[Entries taken from a collection]
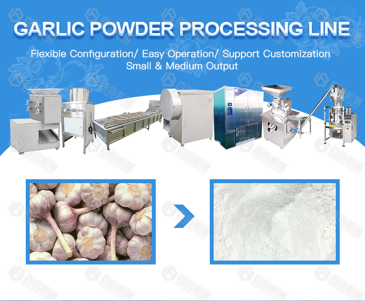 Máquina industrial de frutas para producción de polvo de ajo, fabricación de harina con secado, pelado, rebanado, proceso de molienda
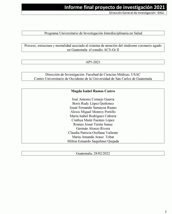Proceso, estructura y mortalidad asociado al sistema de atención del síndrome coronario agudo en Guatemala : el estudio ACS-Gt II / Magda Isabel Ramos Castro; investigadores José Antonio Cornejo Guerra, Boris Rudy López Quiñonez, Josué Fernando Samayoa Ruano, Alexis Miguel Monroy Portillo, María Isabel Rodríguez Cabrera, Cinthya Maité Fuentes López, Romeo Josué Tereta Sunuc, Germán Alonzo Rivera y Claudia Patricia Orellana Valiente; auxiliares de investigación II María Amanda Arauz Tobary Milton Estuardo Saquilmer Quijada; colaboradores Elisa María Anelu de León, Mariana Gil Salazar, Sofía Leal Wittkowksy, Juan Carlos Santis Mejía, Beatriz Amalia Paz, Kevin Oneal Flores Andrade, Roberto Antonio Pérez Reyes, Walter Eduardo Pivaral Villalta, Jenifer Paola Ramos Soto y Mario Arturo Yucuté Camey.
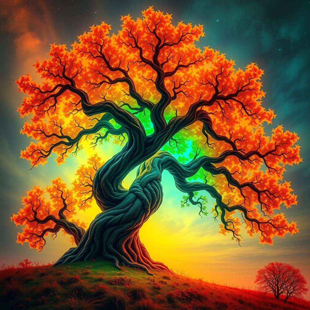 This vibrant surrealist artwork depicts a sculpted magical tree with glowing, luminescent leaves in shades of orange, green, and red, creating a mesmerizing display of color and light.
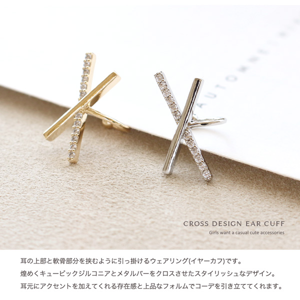 イヤーカフ 片耳用 イヤリング ウェアリング イヤークリップ キュービックジルコニア クロス 十字架 メタル ゴールド シルバー 金 銀 シンプル 重ねづけ 重ね付け 重ね着け デイリー レディース 女性
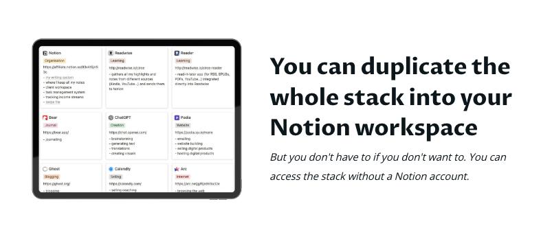 But you don't have to if you don't want to. You can access the stack without a Notion account.
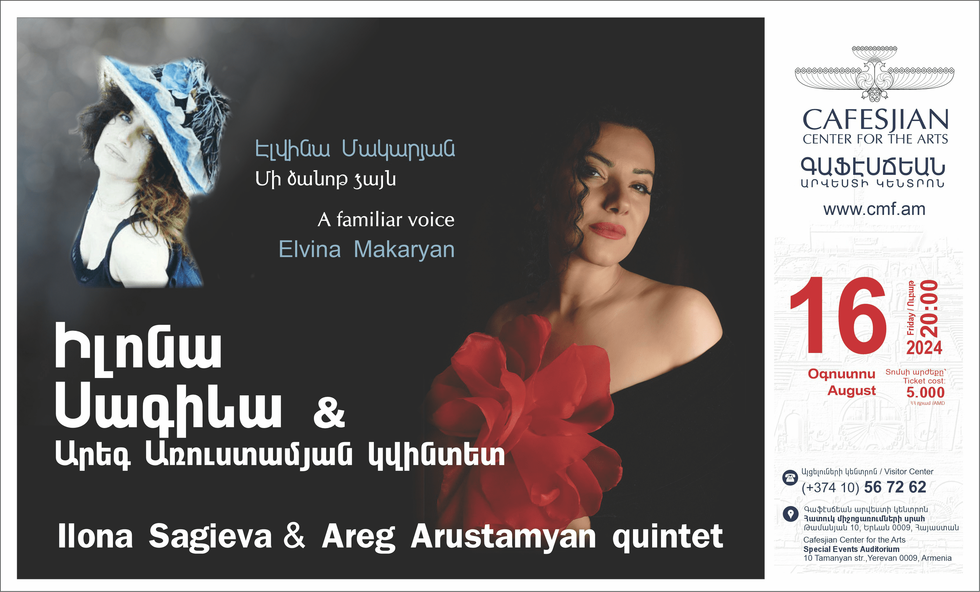 MUSIC CASCADE - Ilona Sagieva - Elvina MakaryanAugust 16, 2024 “Music Cascade” concert series presents:Ilona Sagieva - Elvina Makaryan Ilona Sagieva and Areg Arustamyan quintet present a concert dedicated to Elvina Makaryan's 74th birthday. Program: Elvina Makaryan's songs The concert starts at 20:00 Ticket price: 5.000 AMD For reservations and inquiries, please call +374 10 567262. Only CCA Members can reserve a table through a phone call. Please remember we have a special reservation service –you can SELECT YOUR FAVORITE TABLE at the Special Events Auditorium! Just stop by the Visitor Center to select the table you prefer as you buy tickets. We shall make sure your favorite table is reserved for you! Become a member of the Cafesjian Center for the Arts and receive a 10% discount on tickets to all concerts, events, and merchandise in the Museum Store, except for local crafts. Other materials from this section
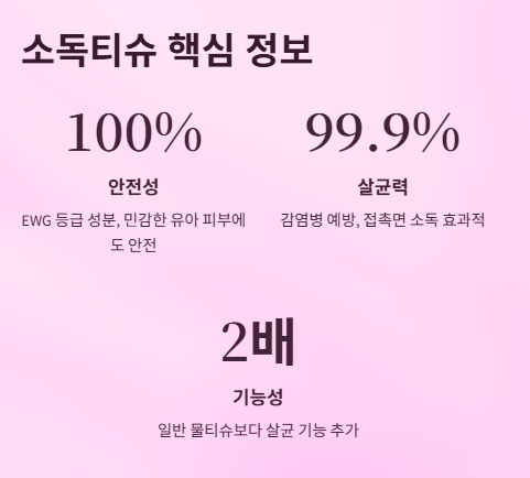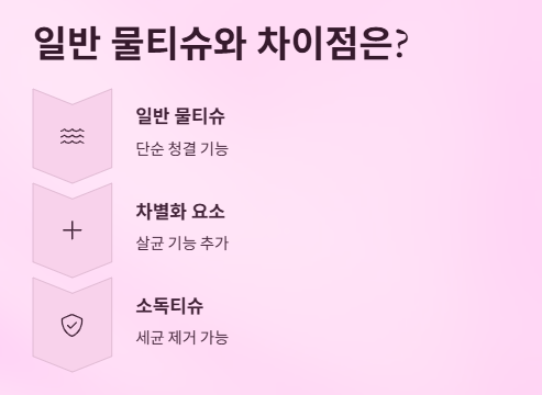 → 일반 물티슈는 단순 청결용, 소독티슈는 살균 기능 포함으로 차별화됩니다.
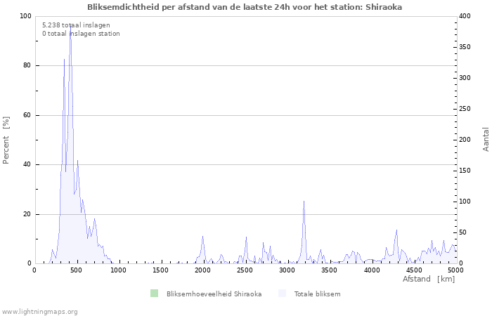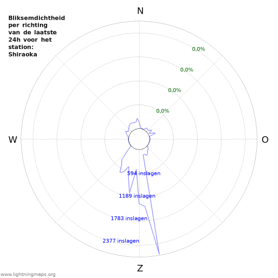 Hier het aantal inslagen per uur gedetecteerd door het netwerk, het aantal inslagen per uur gedetecteerd door het station Shiraoka en het gemiddelde aantal inslagen per uur gedetecteerd door alle stations
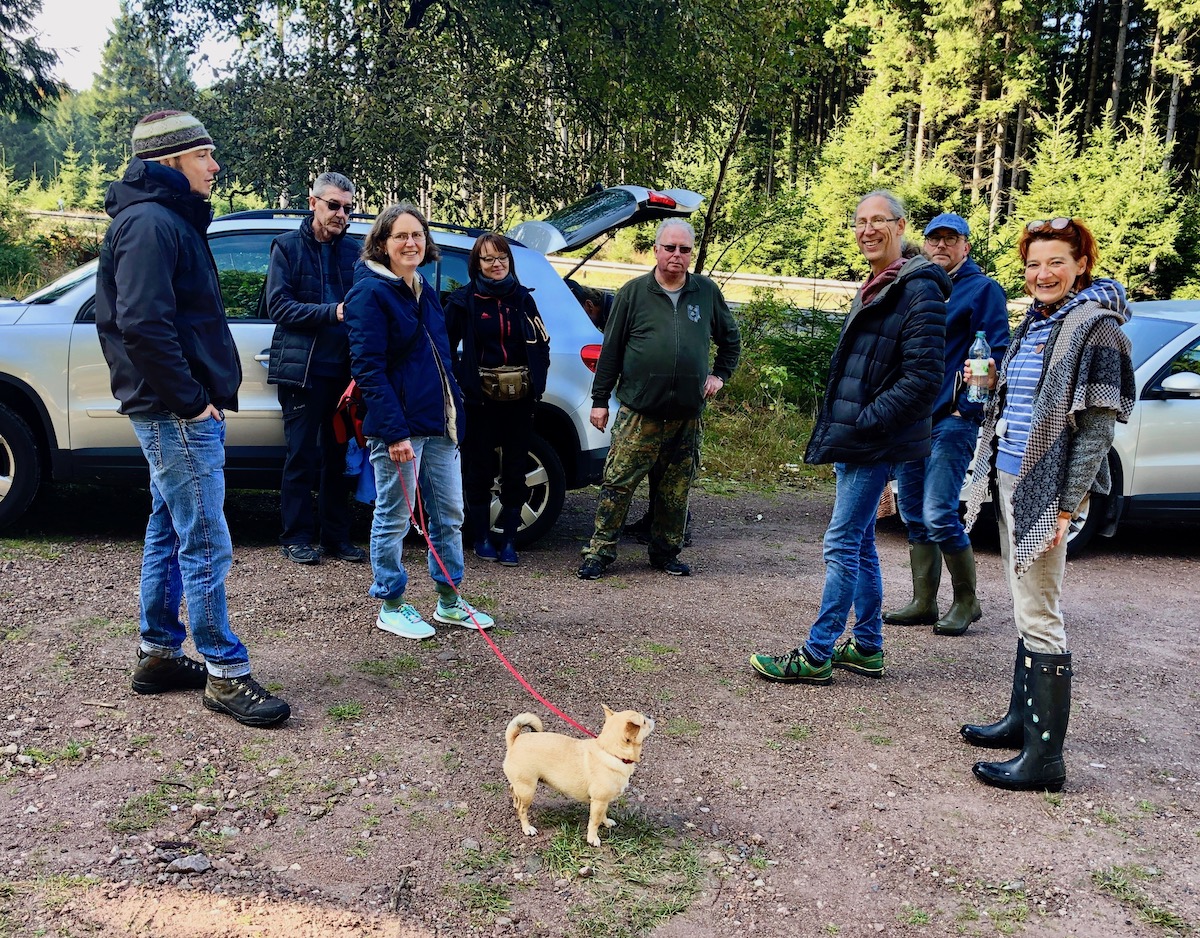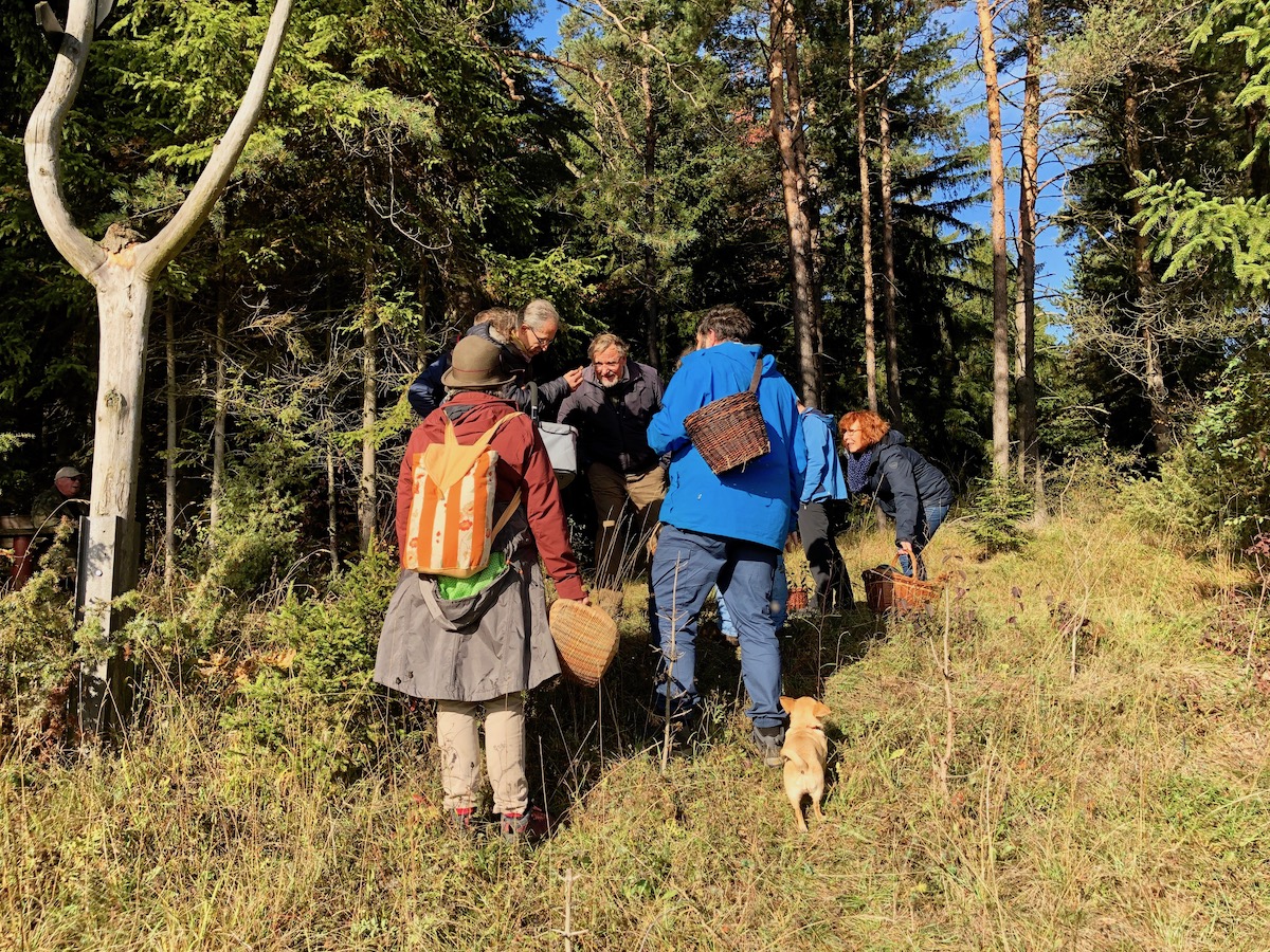 Ich will Euch aber aber nicht mit meinen Befindlichkeiten langweilen, sondern etwas vom Kurs berichten. Nach der langen Dürre hatten wir eine Woche wunderbarsten Regenwetters. Es gab keinen einzigen trockenen Tag, aber Andreas hatte offenbar einen Deal mit Petrus, und so goss es nie während unserer Exkursionen, sondern immer nur davor und danach, dann aber in Strömen. Optimale Voraussetzungen für Pilzwachstum - sollte man jedenfalls meinen. Auf alle Fälle ging es gut los:
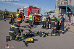 Danach begann das Entladen des Containers. Da im Inneren des Container Brandrauch gemessen wurde, konnten die direkten Entladearbeiten nur unter Umluft unabhängigem Atemschutz und Löscharbeiten durchgeführt werden. Mittels „Menschenkette“ wurden 75 m³ Containerinhalt vom Waggon über eine Gleisanlage und dem Bahnsteig in die bereitgestellten Abfallmulden händisch verbracht. Diese Arbeiten wurden von den nachalarmierten Ablösekräften der FF Baden-Stadt und Baden Weikersdorf unterstützt. Gegen ca. 22:00 Uhr waren die Arbeiten abgeschlossen und ein Großteil der Einsatzmannschaften konnte wieder abrücken.
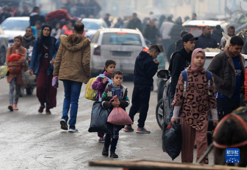 12月1日,在加沙地带南部城市汗尤尼斯,人们在以军恢复军事行动后逃离家园。

WHAT YOU WILL DO:
Print the data exactly, from its first line to the line containing "Proceso, estructura y", both included. Omit the pictures.

TASK RESPONSE:
 Máquina industrial de frutas para producción de polvo de ajo, fabricación de harina con secado, pelado, rebanado, proceso de molienda
Proceso, estructura y mortalidad asociado al sistema de atención del síndrome coronario agudo en Guatemala : el estudio ACS-Gt II / Magda Isabel Ramos Castro; investigadores José Antonio Cornejo Guerra, Boris Rudy López Quiñonez, Josué Fernando Samayoa Ruano, Alexis Miguel Monroy Portillo, María Isabel Rodríguez Cabrera, Cinthya Maité Fuentes López, Romeo Josué Tereta Sunuc, Germán Alonzo Rivera y Claudia Patricia Orellana Valiente; auxiliares de investigación II María Amanda Arauz Tobary Milton Estuardo Saquilmer Quijada; colaboradores Elisa María Anelu de León, Mariana Gil Salazar, Sofía Leal Wittkowksy, Juan Carlos Santis Mejía, Beatriz Amalia Paz, Kevin Oneal Flores Andrade, Roberto Antonio Pérez Reyes, Walter Eduardo Pivaral Villalta, Jenifer Paola Ramos Soto y Mario Arturo Yucuté Camey.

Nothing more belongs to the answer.